When Roman Polanski’s adaptation of Ira Levin’s Rosemary’s Baby arrived on screens in 1968, it was delivered intact, with the equivalent of the book’s 10 fingers and 10 toes (and yellow eyes) all accounted for.

The film—a slow burn of a thriller about expectant mother Rosemary Woodhouse (Mia Farrow) and the baby-crazy satanists next door—is about as faithful as an adaptation can be. It didn’t adjust anything major about the book’s structure, and it even keeps a decent chunk of the dialogue verbatim. It tracks the book so closely that if you calculate when certain events occur (as a percentage of the total running time/pages), they match up nearly exactly.

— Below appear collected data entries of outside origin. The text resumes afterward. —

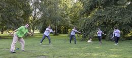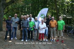 Gütersloh (gpr). „Schlechtes Wetter gibt’s nicht, nur schlechte Kleidung“, heißt es im Volksmund. Und so ließen sich rund 3.500 Sportlerinnen und Sportler die Stimmung nicht vermiesen und besuchten trotz dunkler Gewitterwolken oder Nieselregen die zahlreichen Angebote der zehnten Jubiläumsausgabe von „Sport im Park“, die vom Kreissportbund Gütersloh und dem Fachbereich Sport der Stadt Gütersloh veranstaltet wurde. „Wir wissen schon lange: Gütersloh ist wetterfest. Aber dieses Jahr haben unsere Teilnehmenden das wirklich sehr eindrucksvoll bewiesen“, freut sich Jennifer Jones vom Kreissportbund Gütersloh. Vom 14. Juli bis 10. August verwandelten sich sieben grüne Standorte der Stadt in offene Sportflächen. Von Aerobic bis Zirkeltraining, von Boule bis Zumba – über 200 kostenfreie Angebote in 40 Sportkategorien standen auf dem Programm und das täglich von montags bis sonntags.
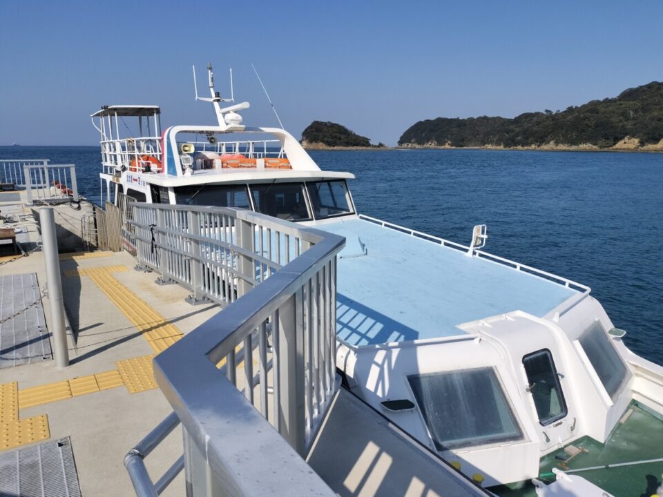 乗船時間が来て小さい船がやってきた。私の他に二人、釣り人が来て乗船した。内海なので波は穏か。たくさんの釣り船を見つつ、20分ほどの乗船で友ヶ島の野奈浦に着く。我々が降りると、帰りの観光客が大勢乗り込んでいった。もう時間的に島内に人は少ない。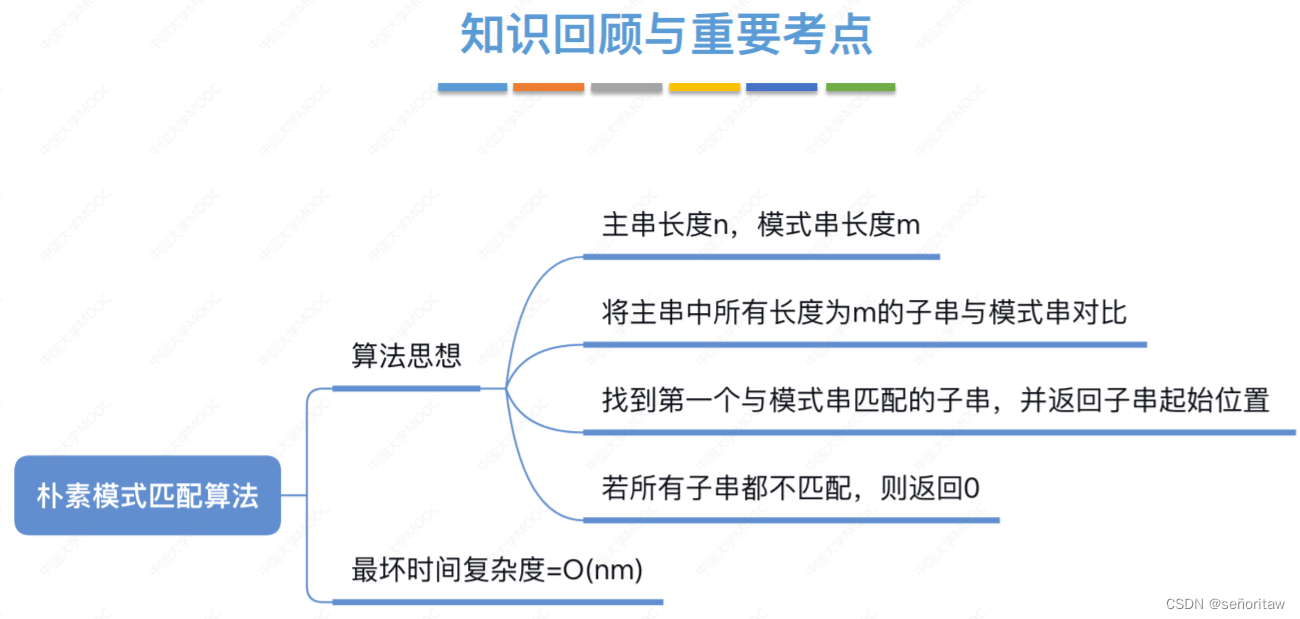 KMP算法最坏时间复杂度 O(m+n) 其中,求 next 数组时间复杂度 O(m) 模式匹配过程最坏时间复杂度 O(n)

According to the introduction in the paperback edition (written by Otto Penzler, an editor of mystery fiction), Polanski, who also wrote the script, “was almost obsessive about following the author’s story.” He even asked “such questions as, what do you think is the color of Rosemary’s dress in this scene? And what is the date of the issue of The New Yorker in which [husband] Guy Woodhouse sees a shirt he wants?” (Levin, Penzler added, “had no idea how to answer.”)

This fidelity extends to the story’s themes. Rosemary’s Baby is a quintessential work of feminist horror; the book was published in 1967, a few years after the widespread introduction of the birth control pill, and it’s hard to not read it as being about the backlash to women’s lib. (Levin’s other lasting title, The Stepford Wives, does something similar.) The villains of the story are those who force child-making decisions on Rosemary, while the most explicitly evil moment is one of spousal betrayal, hardly a supernatural occurrence. While it’s era-appropriate, Levin’s and Polanski’s decision to have the satanists characters frequently refer to Rosemary as “Mrs. Woodhouse” rather than by her own name (as her friends do) underlines how she’s subsumed by her husband and his identity. Notably, when Guy takes a book about witchcraft from Rosemary and places it out of her reach, Polanski shows him putting it atop the Kinsey studies about sexuality.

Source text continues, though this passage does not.